B – Appréciation et portée pratique de la solution retenue
La solution se signale par une cohérence méthodologique. En référé, la sanction d’un commandement lacunaire par la qualification de contestation sérieuse préserve le droit du locataire à une information suffisante et rend opérante la faculté de régularisation. Elle renforce, sans excès, l’exigence de transparence documentaire, condition de l’efficacité de la clause résolutoire dans le cadre statutaire. L’office du juge demeure ainsi fidèle au couple non‑contestabilité/provisionnement, en liant étroitement l’octroi d’une provision à la qualité probatoire des pièces.

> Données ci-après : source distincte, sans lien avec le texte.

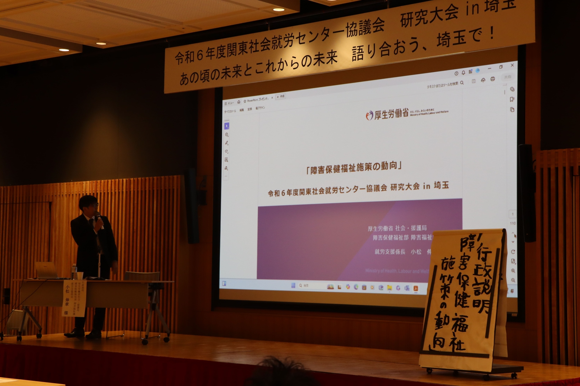 はじめに全国社会就労センター協議会会長叶義文氏による基調講演があり、令和7年10月施行の就労選択支援事業や多様な事業所の参入、また障害者権利条約の総括所見等について説明されました。次に厚生労働省社会・援護局障害保健福祉部障害福祉課就労支援係長小松伸章様による「障害保健福祉施策の動向」についての行政説明がありました。
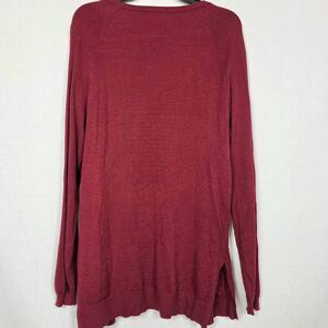 Love Tree long open-front cardigan in a rich maroon color. Lightweight knit with two front pockets and slouchy drape. Great for layering over tees and tanks. Pre-owned with light normal wear, no major flaws.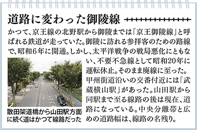 散田架道橋付近のけやき通りは、昭和42年ごろには「散田銀座」と呼ばれるほどににぎわっていたという。けやき通りが区画整理によって広がってから、沿道には次々と商店が出来ていった。ナカオ電化センター(散田町4)の中尾英敏さんは、中散田商店会の最後の会長を務めた。「当時、めじろ台の住宅街が造成されると聞いて、有志を募って商店会を作ったんだよ」。商店街の中でも、けやき通り沿いが通称「散田銀座」と呼ばれていたそうだ。「肉屋から八百屋まで20軒以上、日常生活には事欠かないくらいの商店街だった。夕方は買い物客でごった返していたよ」。それが世代交代などによって、店舗が減っていくと、客足も遠のくように…。往時のような輝きを取り戻せる時代はくるのだろうか。最近、通り沿いには、賑わいの兆しも見える。「また、活気が戻ってくると嬉しいね」

La portée pratique est immédiate. Les bailleurs doivent annexer un décompte précis et vérifiable au commandement visant l’article L. 145-41, afin de sécuriser l’acquisition de la clause et l’accès au référé‑provision. À défaut, le contentieux bascule vers le fond, avec un allongement des délais et l’impossibilité d’obtenir des mesures rapides d’expulsion ou de paiement. La décision diffuse enfin un signal procédural clair: la rigueur formelle du commandement, loin d’être un ritualisme, conditionne l’effectivité des sanctions contractuelles et l’économie du référé commercial.